Finally, since previous studies have established the importance of taxon sampling in determining the placement of Ginkgo [15], we re-analyzed three concatenated nucleotide matrices from previous studies to confirm that our results are not biased by insufficient taxon sampling. These three matrices include a wide breadth of taxon and gene sampling: i) 16 seed plants using 52 plastid genes from Zhong et al. [24], ii) 64 vascular plants using 53 plastid genes from Wu et al. [15], and iii) 193 green plants using six genes representing all three plant genomic compartments (i.e., nucleus, plastid, and mitochondrion) from Qiu et al. [29]. Our phylogenetic analyses of these three matrices mirror the results using the concatenation method summarized above. When including only those slow-evolving sites identified by the OV method (Figures S1C–S1E), the clade containing cycads plus Ginkgo is well supported (≥82 BP; Figure 3B). In contrast, analyzing only the fast-evolving sites supports (≥78 BP) the “Gingko alone” hypothesis (Figure 3B). Importantly, the slow-evolving sites in all three matrices exhibit no evidence of saturation (p-value < 0.001, two-tailed t-test); while the fast-evolving sites in two of three matrices show evidence of substantial saturation (Figure 3B).

Conclusions

Our phylogenomic analyses of seed plants identify three main results: i) extant gymnosperms are monophyletic, ii) gnetophytes exhibit discordant placements within conifers between their nuclear and plastid genomes, and iii) cycads plus Ginkgo form a clade that is sister to all remaining extant gymnosperms. Our results also show that standard concatenation analyses of both nuclear and plastid genes produce well supported, but conflicting placements of key taxa across sites with different substitution rates. Determining the causes of this incongruence, however, requires more empirical and simulation studies. Here, we hypothesize that this incongruence may be related to the way in which concatenation methods treat sites with elevated nucleotide substitution rates. Although our concatenation analyses of fast-evolving nucleotide sites produced the “Ginkgo alone” topology, the signal from slow-evolving sites appears to have prevailed. Thus, we did not observe strongly conflicting placements of Ginkgo between coalescent and concatenation methods when analyzing all sites together. One interpretation of these results is that concatenation analyses of full data sets may not be heavily misled by a subset of sites with elevated substitution rates. However, an extrapolation of our specific results suggests that as saturated sites increase in phylogenomic data sets, standard concatenation methods may produce strongly supported but incorrect results. In contrast, coalescent analyses of the same data sets demonstrated consistent placement of cycads plus Ginkgo, suggesting that coalescent-based methods better deal with rate heterogeneity [44-48].

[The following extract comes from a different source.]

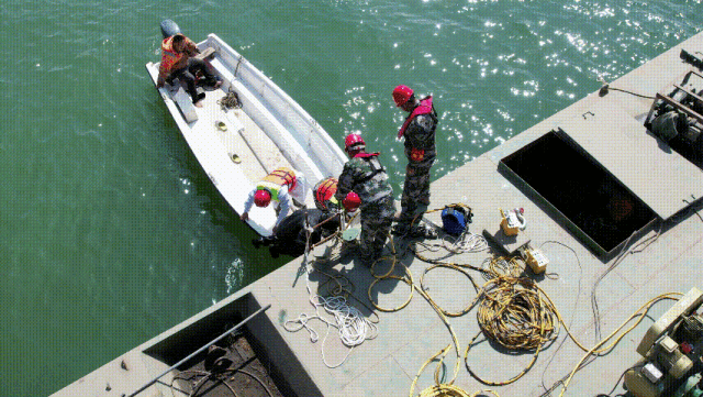 经过紧张抢险,潜水员被成功救助到搜救船上,身体无大碍,项目经理宣布应急响应结束。

How does this increased phylogenetic resolution enhance our understanding of seed plant evolution? Cycads and Ginkgo share a number of morphological characters, such as their unusual pattern of pollen tube development [74], flagellated male gametes [75,76], simple female strobili [77], and embryo development [78]. In light of the increasing support of cycads plus Ginkgo we identify here, some of these traits, which have been commonly thought to be symplesiomorphies of gymnosperms [13,78], may actually represent synapomorphies of the cycads plus Ginkgo clade [15]. Assessing these questions going forward will be challenging, however, given the phenomenally high rate of extinction suffered by gymnosperms [79]. A thoughtful assessment of this question is only likely to be answered with more exhaustive sampling of fossil lineages.

Materials and Methods

Data acquisition and sequence translation

Gene sequences from both nuclear and plastid genomes were gathered for this study. For nuclear genes, assembled unique transcripts were obtained (Table 1) and then translated to amino acid sequences using prot4EST v2.2 [80]. For plastid genes, the fully annotated plastid genomes were obtained from NCBI GenBank (Table 2).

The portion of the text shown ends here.